Dugin’s connections into the executive branch of the Russian state have been and are certainly impressive and multifarious. But, nevertheless, Dugin was, until recently, a relatively isolated figure within the right-wing extremist intellectual scene somewhat reminding Vladimir Zhirinovskii’s once similarly isolated position within Russian ultra-nationalist party politics. Most independent Russian ultra-nationalists had been keeping a distance to the SS admirer.
Banier van de Euraziatische Jeugdbeweging
Izborsk Club
Against this background, the Izborsk Club, if it continues to exist, constitutes a new stage in the development of Dugin’s position within the extreme right, in particular, and the evolution of Russian right-wing extremist intellectualism, in general.
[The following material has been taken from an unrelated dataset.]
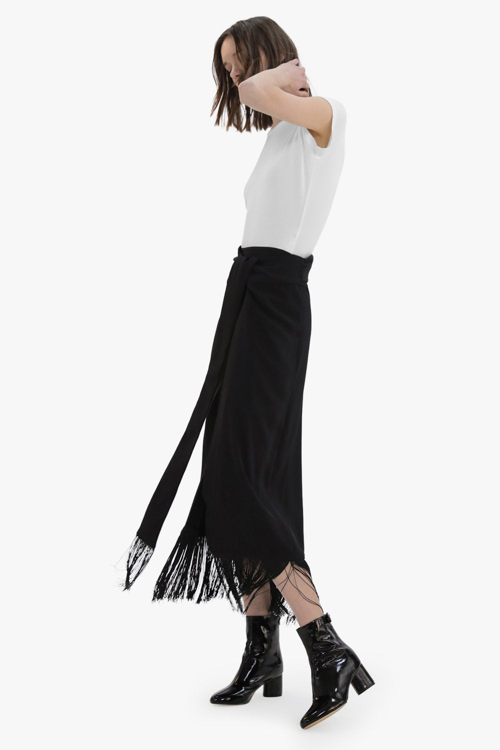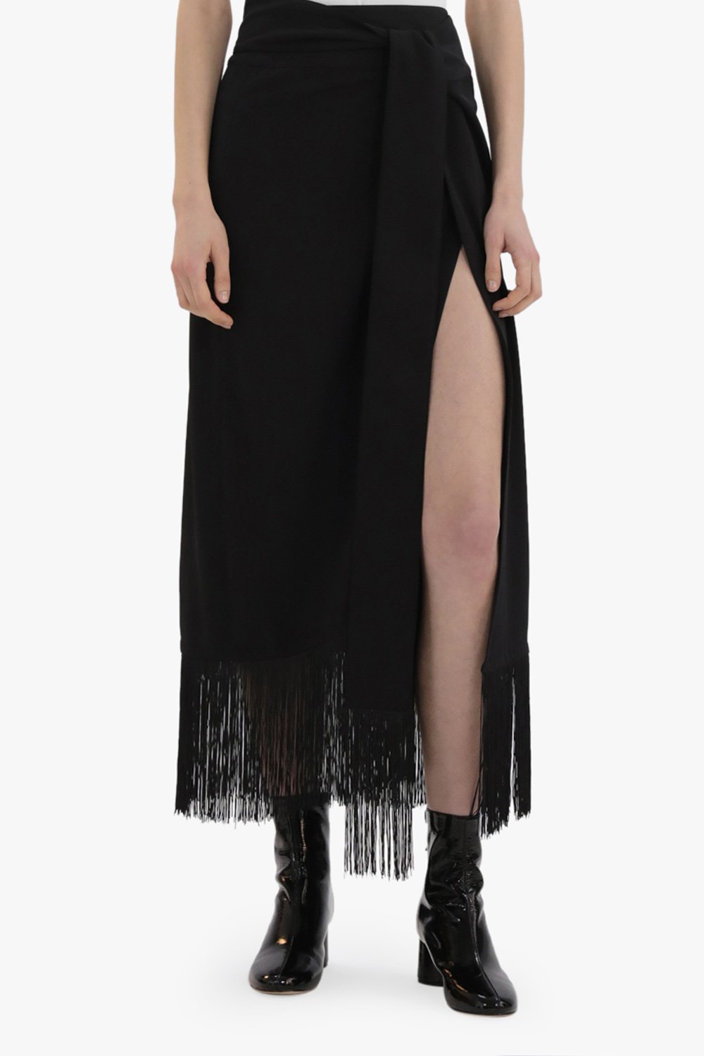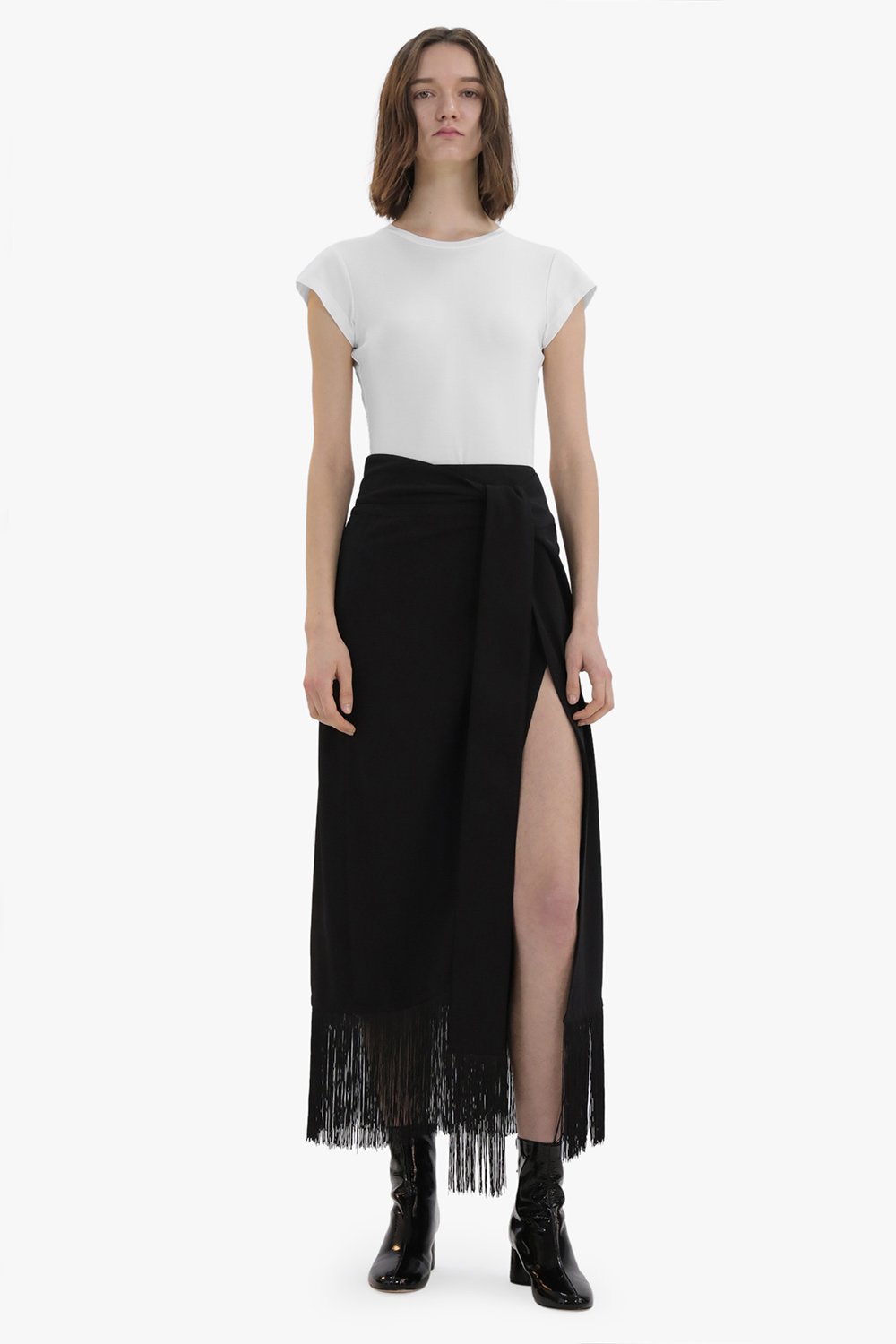 Yuel Xiang wrap chiffon skirt with tassel black.

Dugin’s prominent inclusion into this club as well as into Sergey Kurginian’s Committee is marking a new level in (a) the consolidation of Russian extreme right, as a movement, and (b) its penetration of the Russian state and society. These developments can be seen as repercussions of the considerable increase of Dugin’s prestige, in Russian society, as a result of his 2009 appointment as Moscow State University professor. Via the Anti-Orange Committee and especially via the Izborsk Club as well as via other channels, Dugin, continuing his coded propagation of neo-Nazism, has now found his way into the mainstream of Russian right-wing extremist intellectualism.
The combination of these features constitutes an explosive cocktail that by 2013 had created considerable risks for US-Russian relations in particular, and international security, in general. Arguably, the 2011-2013 tendencies in Russia’s radical right contributed to the escalation of the Western-Russian confrontation and public legitimization of Russia’s intervention in Ukraine in 2014.